HOW TO COMPLETE THIS TASK: With pictures left out, retype exactly the lines from the one containing "8: Bumper Rear Rusted Over 5mm" through the final line of the entries.

DATA UNDER STUDY Start Marker

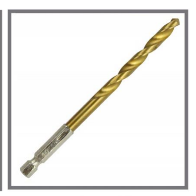
full ground TiN coated with hex shank
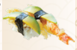
TEMPURA PRAWN 40k
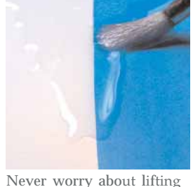
paint that needs to remain pristine in subsequent washes and wettings with Da Vinci Fluid Acrylic, even with pigments such as Cerulean Blue
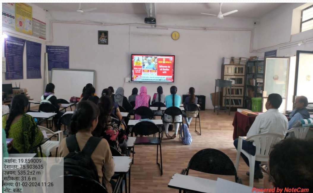
Budget Live Session
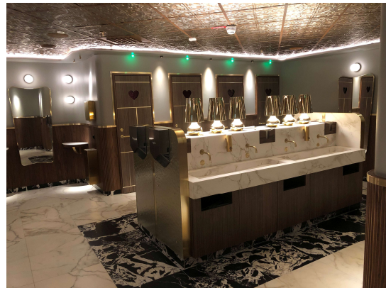
2023 A brand new restroom with 8 toilets and renovation of 2 more restroom for Rival's guests.
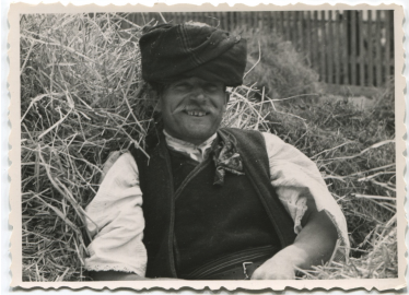
Portrait of a peasant
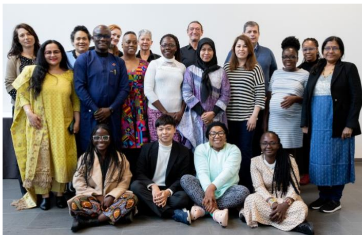
MPP Community Advisory Board
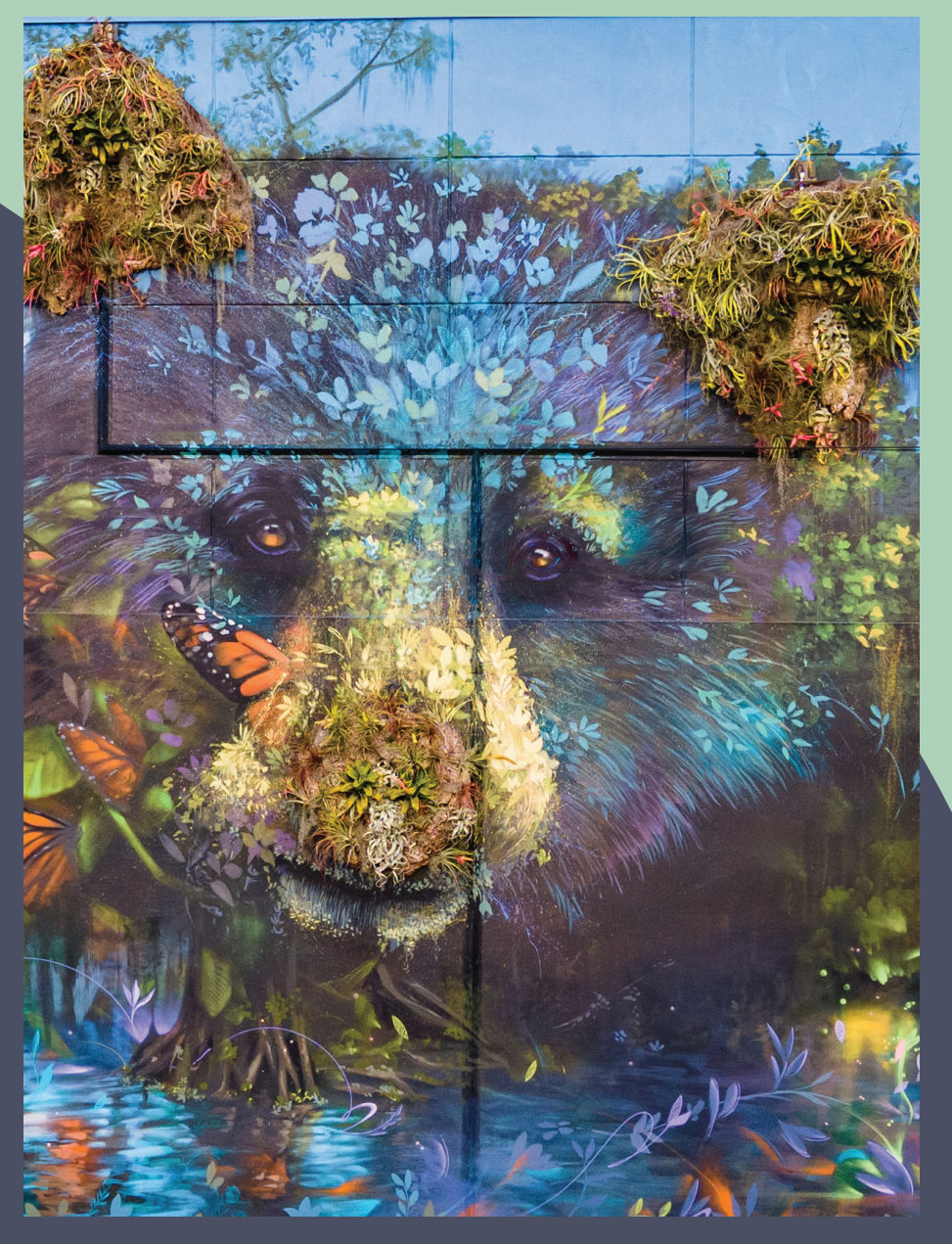
City of Ocala Cultural Arts & Sciences Division
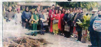
देवकी देवी जैन मेमोरियल कालेज फॉर वुमन में 'प्रीत दी लोहड़ी' कार्यक्रम में छात्राओं की छवि।
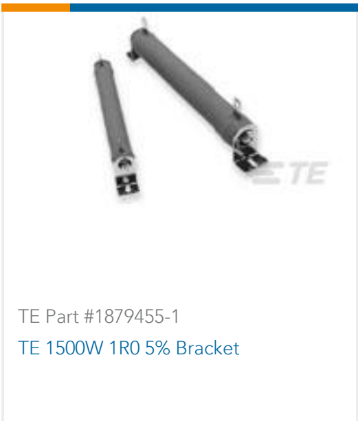
TE Part #1879455-1 TE 1500W 1R0 5% Bracket
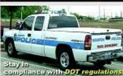
Stay in compliance with DOT regulations!
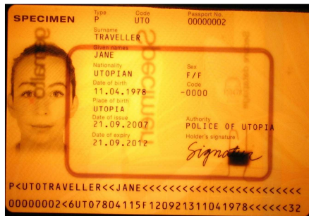
Fig. 1. Chip and antenna integrated in the polycarbonate data page.

The chip and the antenna are integrated into the cover of the booklet or another page of the passport. The chip and antenna are typically not directly visible and can be only seen using a strong light (see Figure 1). An exception is the UK passport where the chip and antenna is laminated in one of the pages and can be directly seen (see Figure 2). An electronic passport can be easily recognized by the logo on the front page. The communication is contactless and complies with the ISO 14443 standard (both variants – A and B – are allowed). Technology based on ISO 14443 is designed to communicate over a distance of 0-10 cm and supports also relatively complex cryptographic chips and permanent memory of kilobytes or megabytes. Higher communication layer is based on the classical smart card protocol ISO 7816-4 (i.e., commands like SELECT AID, SELECT FILE and READ BINARY are used).
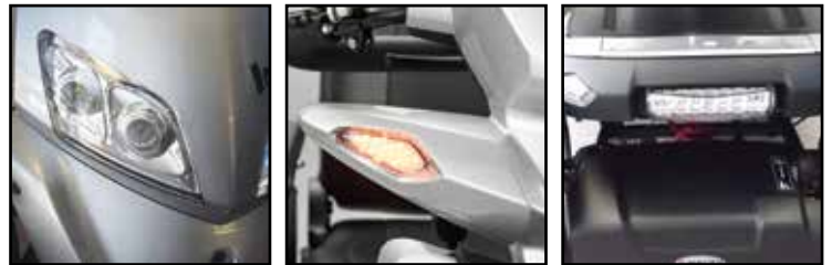
Modern LED lighting system delivers brilliant light with less power consumption
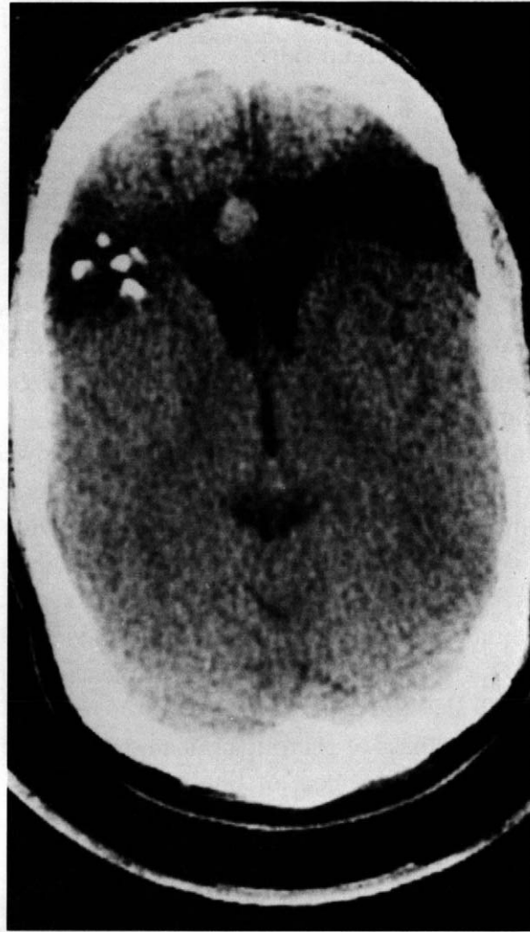
FIG. 1. CT scan of the head shows a round, contrast-enhancing lesion in the midline, anterior to the frontal horns. The lesion is located in the bullet trajectory across the frontal lobes. There are several scattered bone fragments on the right side.

aspect of both frontal lobes. In the right frontal lobe multiple tiny high-density areas were seen, which most likely represented scattered bony fragments.
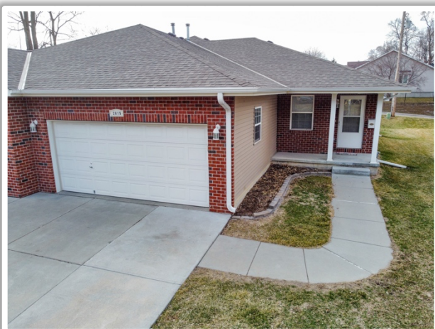
Attached two-car garage and a large driveway for extra parking
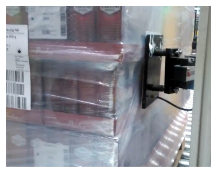
Microscan's QX-870 Raster Laser Scanner validates the barcode on the pallet label immediately after it is printed.

■ Project: Barcode scanning solution for pallet label validation at Paulig Coffee.
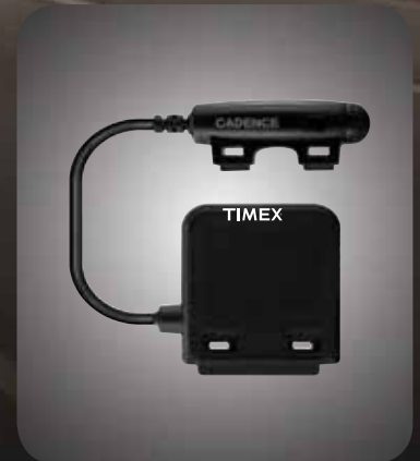
BIKE SPEED & CADENCE SENSOR Optional accessory sold separately T5K445 • $69.00
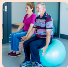
Wellbeing & Personal Development
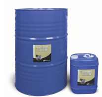
Tectrol Gold Centrifugal Compressor Lubricant
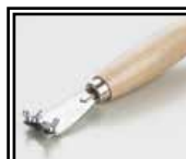
Grooving tool cod 67207011
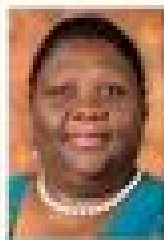
MS NOMOLO KIVELA

MINISTER THE PRESIDENCY RESPONSIBLE FOR WOMEN, YOUTH AND PERSONS WITH DISABILITIES
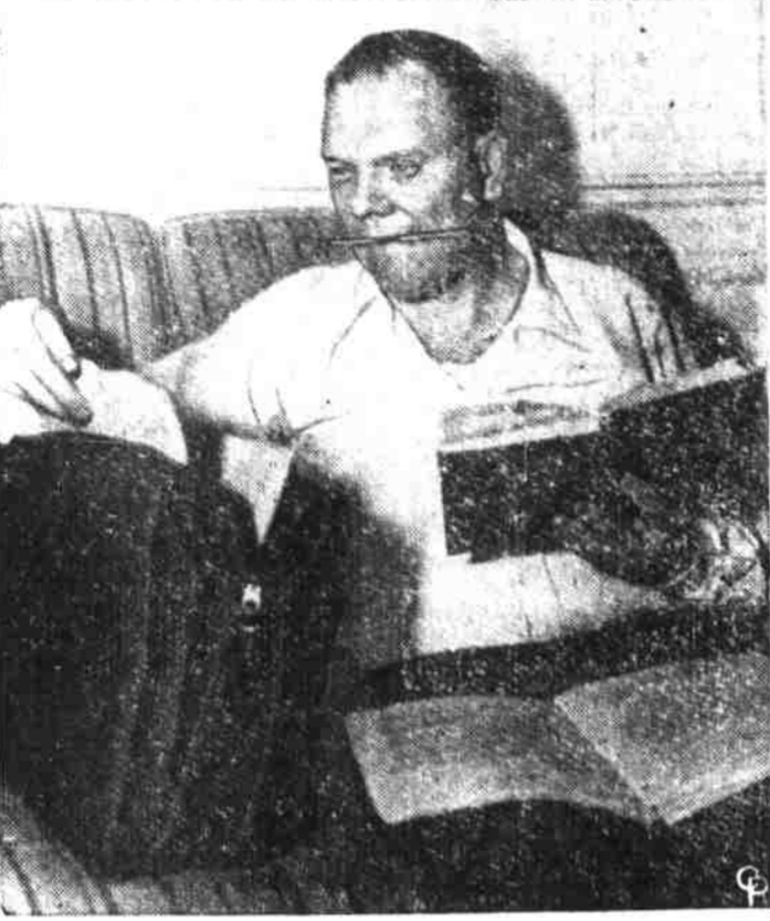
JORDAN WORKS ON NOTES FOR CONGRESSIONAL APPEARANCE
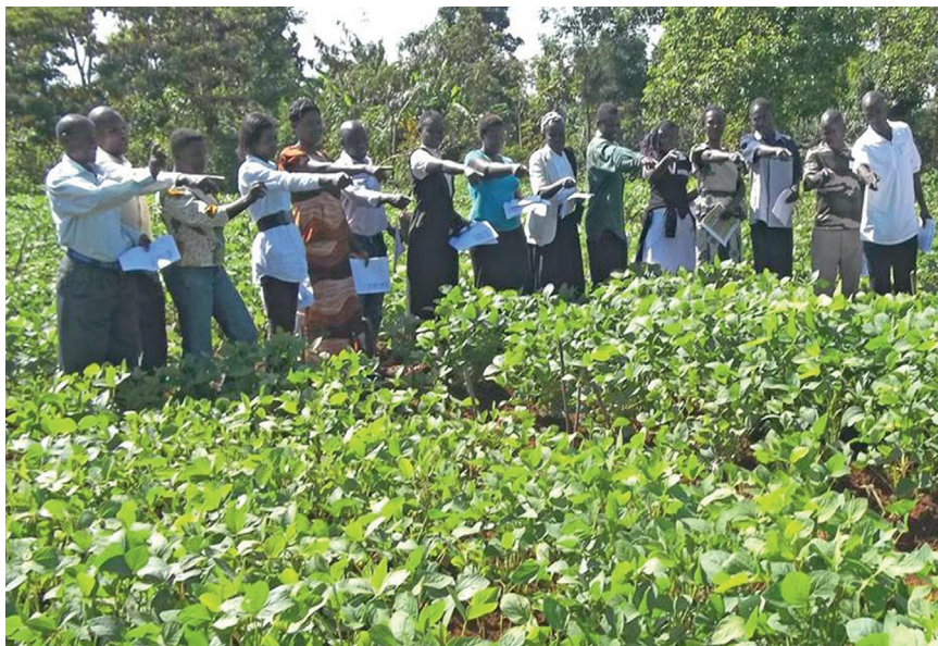
Figure 6.4 WeRATE members identify preferred soybean management system – rust tolerant cv Squire variety – during farm liaison training

Preliminary results from these on-farm tests (Table 6.2) suggests that the recommended N2Africa technology package performs well (+314 kg/ha), is further enhanced through the addition of biochar (+134 kg/ha), due in part through modest disease suppression, and is greatest when mineral nitrogen is also applied (+136 kg/ha). The economic response to biochar is uncertain, however, as no commercial stocks are available so it remains difficult to price this experimental input. Subscribers not only demonstrated an ability to assess yield and nodulation, but also ranked severity of pests and disease (Figure 6.4).
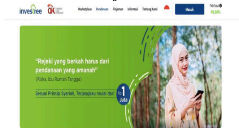
Figure 3. OJK logo on the sharia fintech website Services

Figure 2 shows sharia fintech services provide attractive offers in terms of price and provide promos such as price discounts found on sharia fintech applications and websites. These results are in accordance with the results of previous research conducted by Christiyanto and Astutik (2018) showing that Palliation and Price affect the pricing provided by Islamic banks, with these services customers will continue to use the products found in banking. Patience and Place influence the millennial generation's intention to use Sharia fintech.
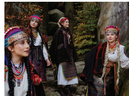
AMPLIFY MAINSTAGE SERIES

STANDARD $55 | SENIOR $52 | UNDER 30 $29
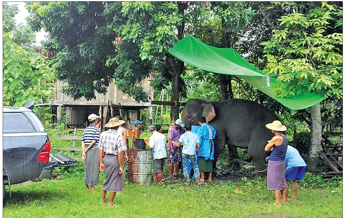
An Elephant gets medical free treatment from mobile elephant clinic team.

"One of the big challenges for the team is looking for private elephant owners. Next, the team lacks experienced veterinary surgeons. We also need sustainable funding for the mobile elephant clinics. We have only one vehicle for private enterprise elephants. In this case, when we are providing treatment in the southern part of Myanmar, we cannot go to the northern part of My-
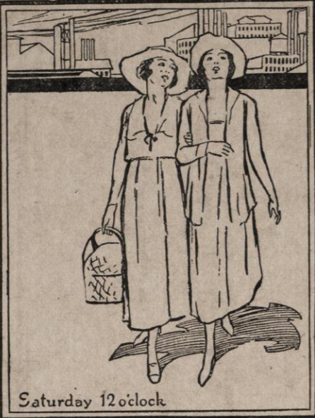
Saturday 12 o'clock
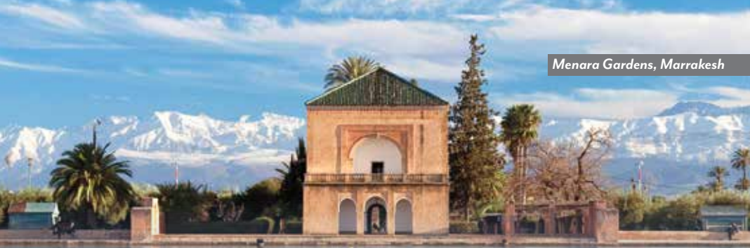
Menara Gardens, Marrakesh
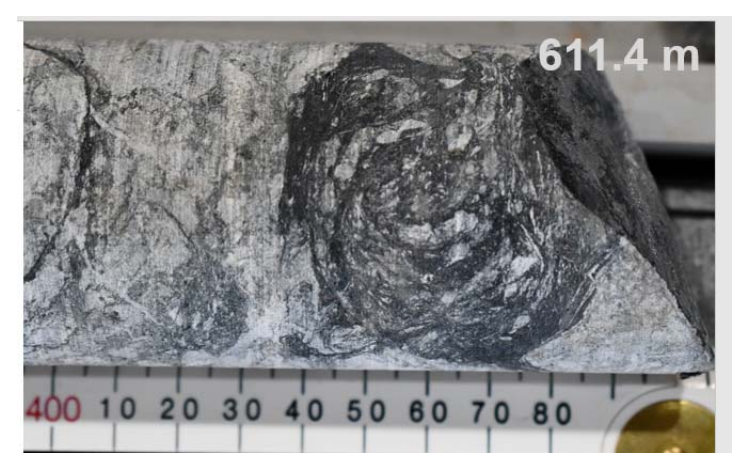
Photo 2: Rotated cataclastic "ball" comprising chlorite, graphite, quartz and carbonate from within broad faulted and veined zone of sericite-pyrite-chlorite alteration (611.4 metres).
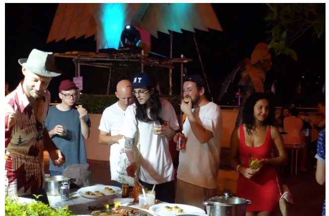
Plenty of interested tasters.
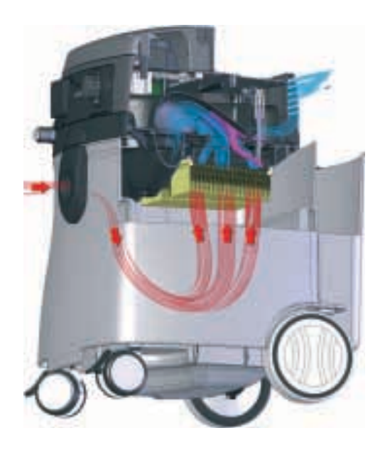
Air cycle during normal operation
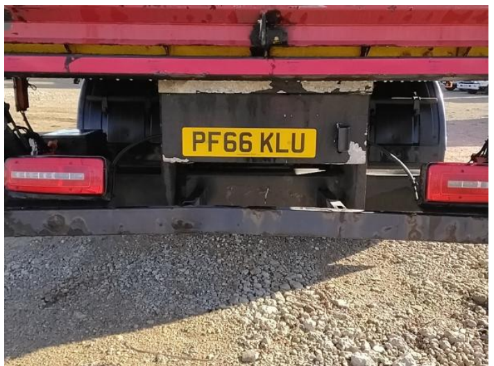
8: Bumper Rear Rusted Over 5mm
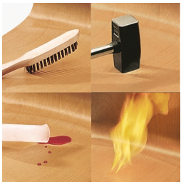
Indestructible PAGHOLZ® shell, scratch, break and impact resistant; flame retardant
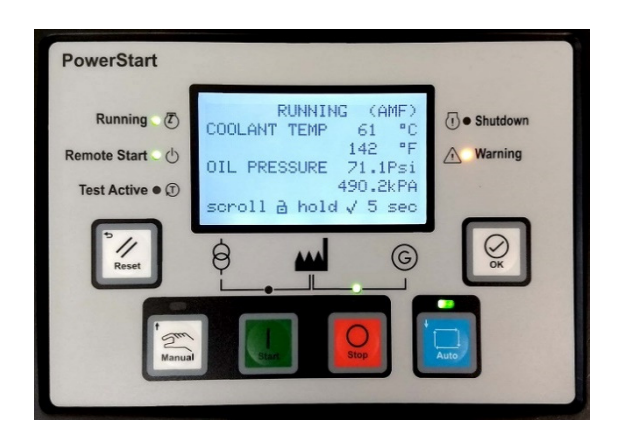
PowerStart 600 control operator/Display

Note: Please, refer to PS0600 product literature for additional Information on Control System.
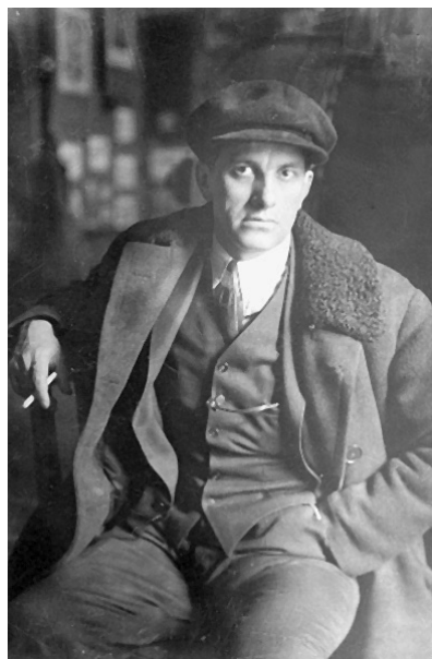
Vladimir Mayakovsky.

At some stage, the generations of Russians who had dreamed of a revolution (usually intellectuals raised within a bourgeois culture) found that a worrying question was buried deep in Leninist theory: what would become of them after the advent of Communism? What would proletarian culture be like in a collectivist society? If a vanguard was necessary to foment the revolution in proletarian and peasant Russia because the masses were ignorant of what they had to do, what would become of that vanguard once its 'pedagogical' and political task had been accomplished and a new culture had become hegemonic? Although the peace after class struggle would involve everyone, including revolution-
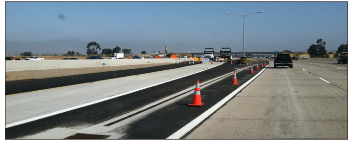
New entrances to the Express Lanes, like this one at Miramar Way, will open on June 27th.

That particular entrance will be important for drivers coming from Carmel Mountain Road and Camino Del Norte. Temporarily, they'll have to use it. The entrance ramp they've taken, on the
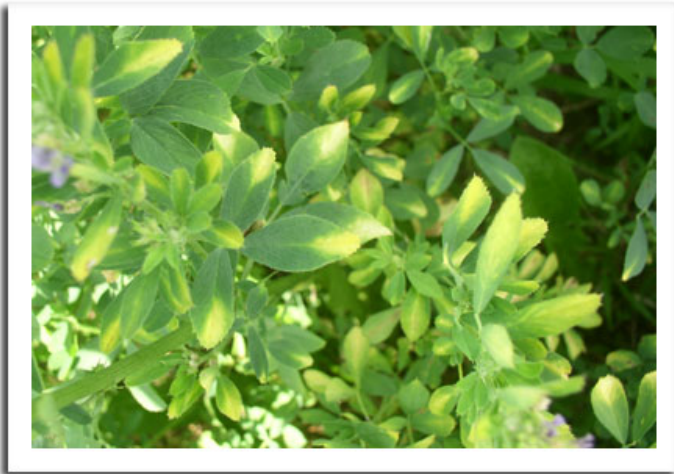
Alfalfa with hopperburn

alfalfa 8-11 inches and 2.0 per sweep for fields 12 inches or taller in height.
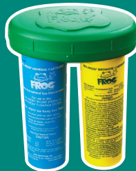
Floating Mineral System Floats in Any Spa up to 600 Gallons
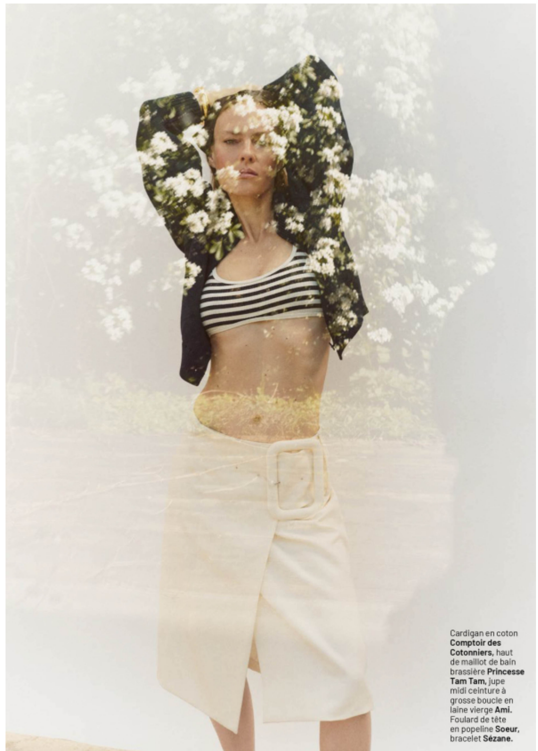
Cardigan en coton Comptoir des Cotonniers , haut de maillot de bain brassière Princesse Tam Tam , jupe midi ceinture à grosse boucle en laine vierge Ami . Foulard de tête en popeline Soeur , bracelet Sézane .
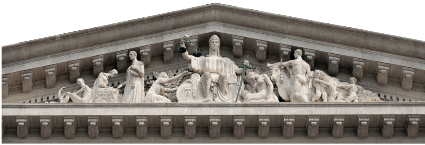
Original tympanum scupltures at former Supreme Court
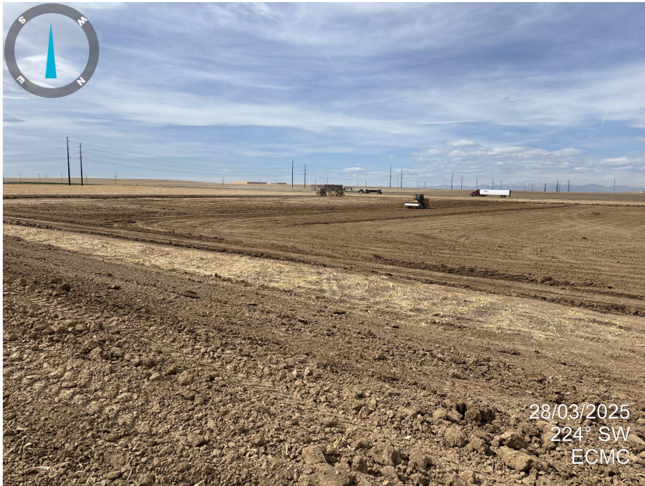
Photo 13. Looking southwest across location from the topsoil stockpile. At time of inspection it appears that topsoil had been salvaged from pad and the pad was being graded.

DATA UNDER STUDY End Marker

TASK RESPONSE:
8: Bumper Rear Rusted Over 5mm
Indestructible PAGHOLZ® shell, scratch, break and impact resistant; flame retardant
PowerStart 600 control operator/Display

Note: Please, refer to PS0600 product literature for additional Information on Control System.
Vladimir Mayakovsky.

At some stage, the generations of Russians who had dreamed of a revolution (usually intellectuals raised within a bourgeois culture) found that a worrying question was buried deep in Leninist theory: what would become of them after the advent of Communism? What would proletarian culture be like in a collectivist society? If a vanguard was necessary to foment the revolution in proletarian and peasant Russia because the masses were ignorant of what they had to do, what would become of that vanguard once its 'pedagogical' and political task had been accomplished and a new culture had become hegemonic? Although the peace after class struggle would involve everyone, including revolution-
New entrances to the Express Lanes, like this one at Miramar Way, will open on June 27th.

That particular entrance will be important for drivers coming from Carmel Mountain Road and Camino Del Norte. Temporarily, they'll have to use it. The entrance ramp they've taken, on the
Alfalfa with hopperburn

alfalfa 8-11 inches and 2.0 per sweep for fields 12 inches or taller in height.
Floating Mineral System Floats in Any Spa up to 600 Gallons
Cardigan en coton Comptoir des Cotonniers , haut de maillot de bain brassière Princesse Tam Tam , jupe midi ceinture à grosse boucle en laine vierge Ami . Foulard de tête en popeline Soeur , bracelet Sézane .
Original tympanum scupltures at former Supreme Court
Photo 13. Looking southwest across location from the topsoil stockpile. At time of inspection it appears that topsoil had been salvaged from pad and the pad was being graded.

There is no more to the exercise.